> **Exercise aim**
Beneath this line are entries. Copy the range from the line with "수업에 참여했던 윤순옥" to the line with "Вона повідомила, що", ends included, exactly; leave pictures out.

**** Data

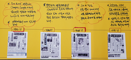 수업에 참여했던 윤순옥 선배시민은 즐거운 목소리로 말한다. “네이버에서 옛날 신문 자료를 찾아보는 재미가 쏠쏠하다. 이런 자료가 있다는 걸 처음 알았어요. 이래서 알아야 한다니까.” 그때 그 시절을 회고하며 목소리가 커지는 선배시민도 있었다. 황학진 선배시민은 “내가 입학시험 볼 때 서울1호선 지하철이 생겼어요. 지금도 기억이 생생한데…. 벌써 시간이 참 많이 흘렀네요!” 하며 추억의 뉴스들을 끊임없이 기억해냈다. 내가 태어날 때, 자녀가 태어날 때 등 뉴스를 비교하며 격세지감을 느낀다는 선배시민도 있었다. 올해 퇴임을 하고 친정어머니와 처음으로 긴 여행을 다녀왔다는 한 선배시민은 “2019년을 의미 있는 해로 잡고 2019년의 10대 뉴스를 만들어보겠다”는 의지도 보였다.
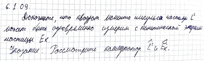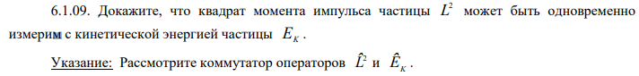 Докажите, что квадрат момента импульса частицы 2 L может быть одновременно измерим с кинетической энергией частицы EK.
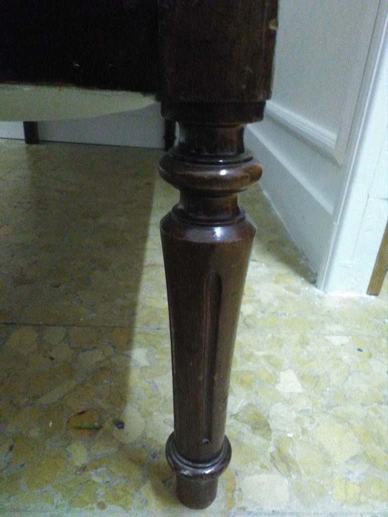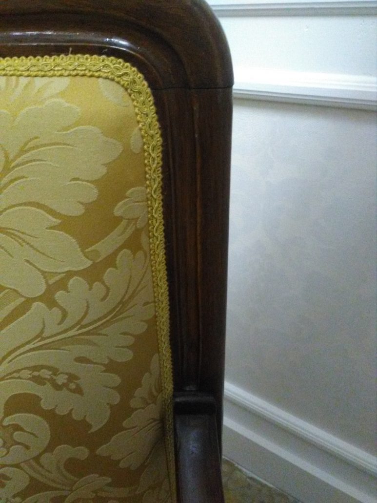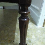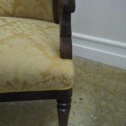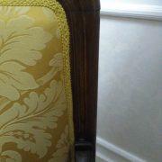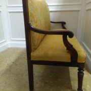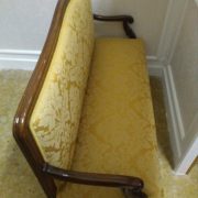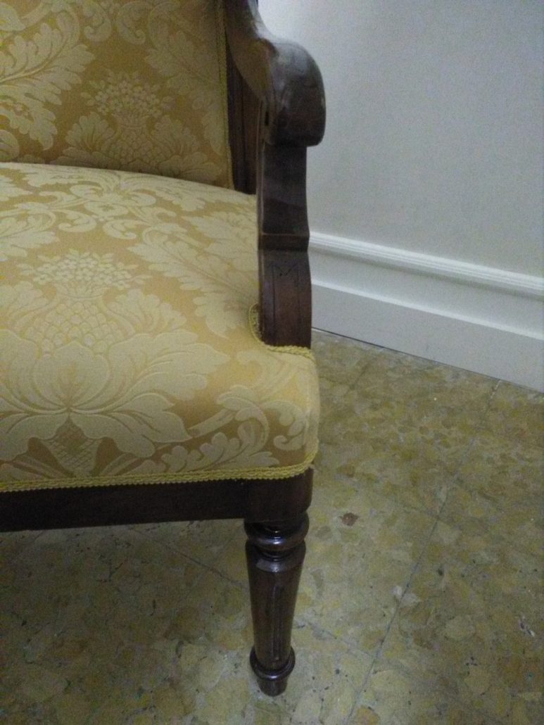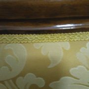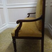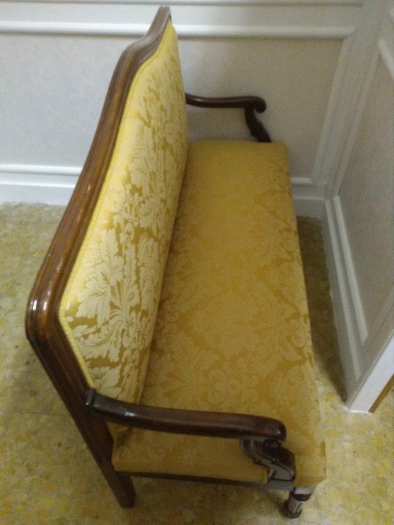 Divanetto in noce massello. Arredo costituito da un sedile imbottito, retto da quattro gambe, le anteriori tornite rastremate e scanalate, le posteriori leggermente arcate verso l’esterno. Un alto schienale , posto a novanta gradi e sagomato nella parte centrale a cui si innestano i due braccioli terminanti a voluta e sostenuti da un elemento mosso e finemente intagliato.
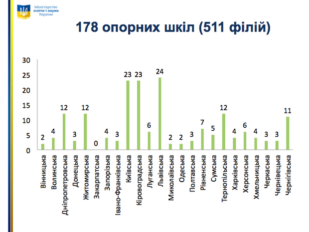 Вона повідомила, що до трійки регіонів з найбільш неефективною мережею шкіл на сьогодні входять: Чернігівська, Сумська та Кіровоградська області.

********
**** Data

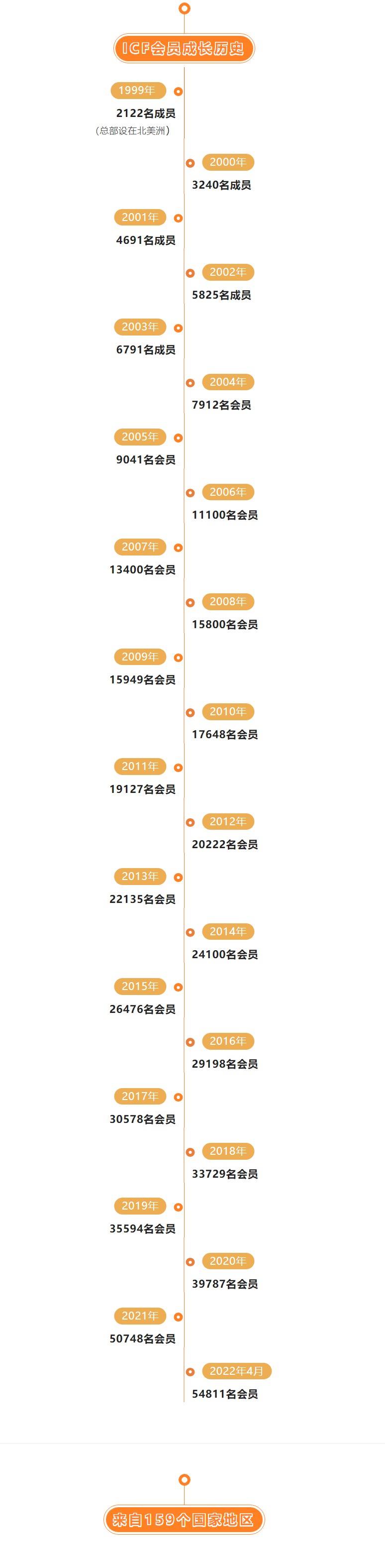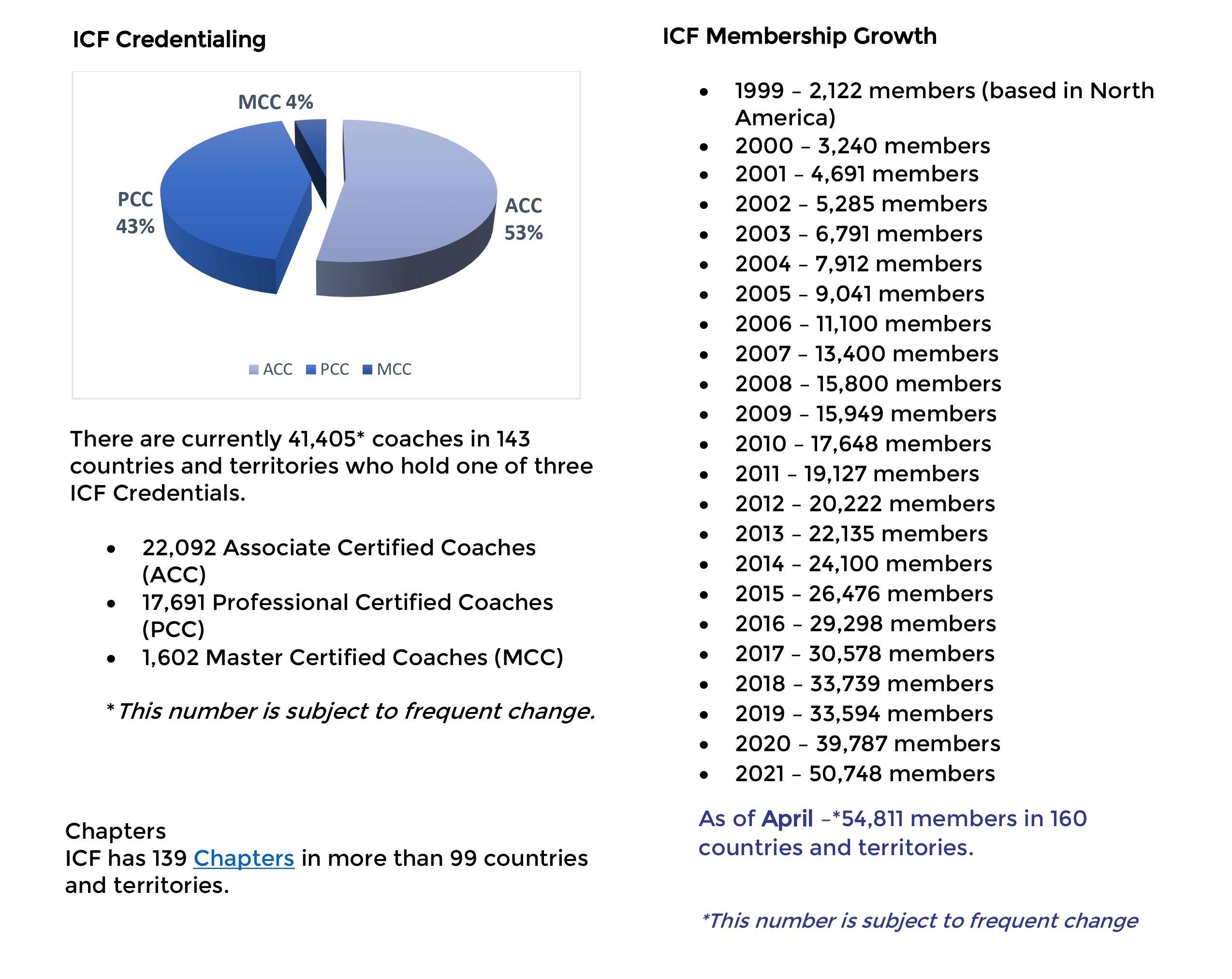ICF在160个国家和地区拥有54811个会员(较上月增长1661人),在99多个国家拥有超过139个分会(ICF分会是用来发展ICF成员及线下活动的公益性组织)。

********
**** Data

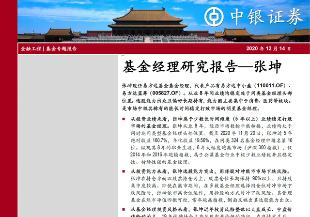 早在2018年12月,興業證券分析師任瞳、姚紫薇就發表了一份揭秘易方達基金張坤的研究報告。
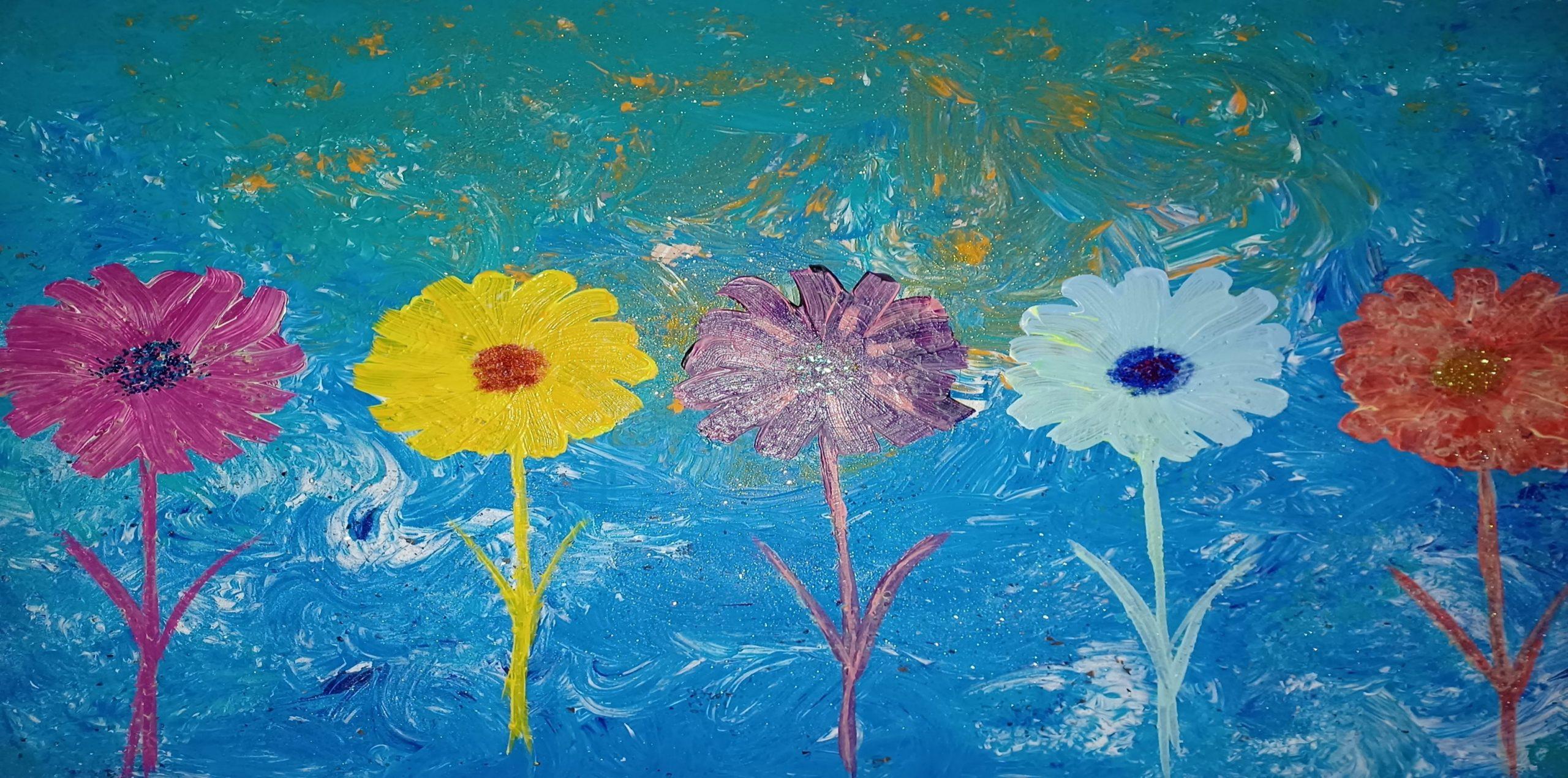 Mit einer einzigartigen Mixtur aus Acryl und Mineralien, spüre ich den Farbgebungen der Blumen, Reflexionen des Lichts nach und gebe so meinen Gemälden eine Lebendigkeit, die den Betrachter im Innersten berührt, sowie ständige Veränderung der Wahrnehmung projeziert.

********

> **Output of the exercise**
 수업에 참여했던 윤순옥 선배시민은 즐거운 목소리로 말한다. “네이버에서 옛날 신문 자료를 찾아보는 재미가 쏠쏠하다. 이런 자료가 있다는 걸 처음 알았어요. 이래서 알아야 한다니까.” 그때 그 시절을 회고하며 목소리가 커지는 선배시민도 있었다. 황학진 선배시민은 “내가 입학시험 볼 때 서울1호선 지하철이 생겼어요. 지금도 기억이 생생한데…. 벌써 시간이 참 많이 흘렀네요!” 하며 추억의 뉴스들을 끊임없이 기억해냈다. 내가 태어날 때, 자녀가 태어날 때 등 뉴스를 비교하며 격세지감을 느낀다는 선배시민도 있었다. 올해 퇴임을 하고 친정어머니와 처음으로 긴 여행을 다녀왔다는 한 선배시민은 “2019년을 의미 있는 해로 잡고 2019년의 10대 뉴스를 만들어보겠다”는 의지도 보였다.
 Докажите, что квадрат момента импульса частицы 2 L может быть одновременно измерим с кинетической энергией частицы EK.
 Divanetto in noce massello. Arredo costituito da un sedile imbottito, retto da quattro gambe, le anteriori tornite rastremate e scanalate, le posteriori leggermente arcate verso l’esterno. Un alto schienale , posto a novanta gradi e sagomato nella parte centrale a cui si innestano i due braccioli terminanti a voluta e sostenuti da un elemento mosso e finemente intagliato.
 Вона повідомила, що до трійки регіонів з найбільш неефективною мережею шкіл на сьогодні входять: Чернігівська, Сумська та Кіровоградська області.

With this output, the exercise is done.